Veteran Chiefs broadcaster Bill Grigsby wondered whether the chandelier might shatter.

"The crowd in Antoine's was shocked," he said.

But no more shocked than most of America the next day when the Chiefs whipped the Vikings, 23-7, on a bright, cold afternoon at old Tulane Stadium. This was the last time the AFL competed against the NFL before it merged with the older league the next September, and the Chiefs closed the AFL's 10 seasons with a bang.

In the locker room, I congratulated Hunt, and he shook my hand. He had a frozen expression on his face, like a little boy on Christmas morning who had gotten everything he wanted. Some people had written off the Jets' beating the Colts in Super Bowl III as a fluke. But now the Chiefs had physically and strategically dominated the Vikings. It was obvious the AFL had really grown up, and this quiet, bespectacled man beamed like a proud father.

It showed the passion he felt for the league and team he founded when he was 27 years old. Sure, he got a kick out of founding World Championship Tennis, helping start two professional soccer leagues and remaining an original investor in the Chicago Bulls. But all of that came later.

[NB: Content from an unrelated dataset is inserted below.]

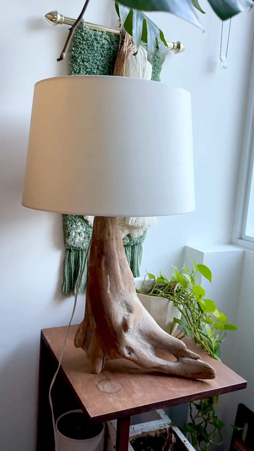 Cottage-Core Hand-Carved Vintage Wood Lamp π€ With Drum Shade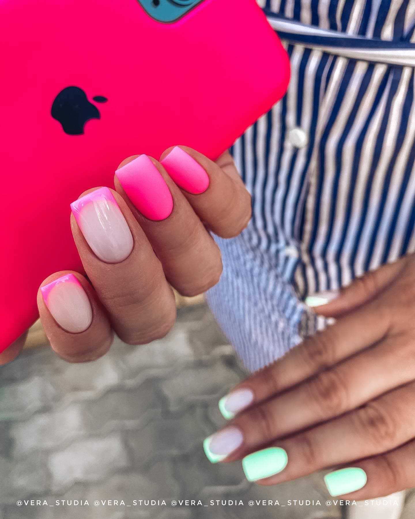 Напоследок, ярко-розовые тона — светящийся неон или ядреная фуксия — лучшее решение, когда стоит задача привлечь к себе внимание и выглядеть стильно, а не пестро. Помимо того, что эти оттенки идут практически всем женщинам, они еще и очень модно смотрятся на ногтях

"Of all Lamar's loves in sports," Steadman said, "his first were the Texans-Chiefs and the AFL."

His love, and his leadership, will be saluted again today when another AFC champion receives the Lamar Hunt Trophy and heads for the Super Bowl, a game he named and helped create. Hunt, sadly, will not be there for the celebration. He died in Dallas on Dec. 13 after an 8 1/2 -year battle with prostate cancer.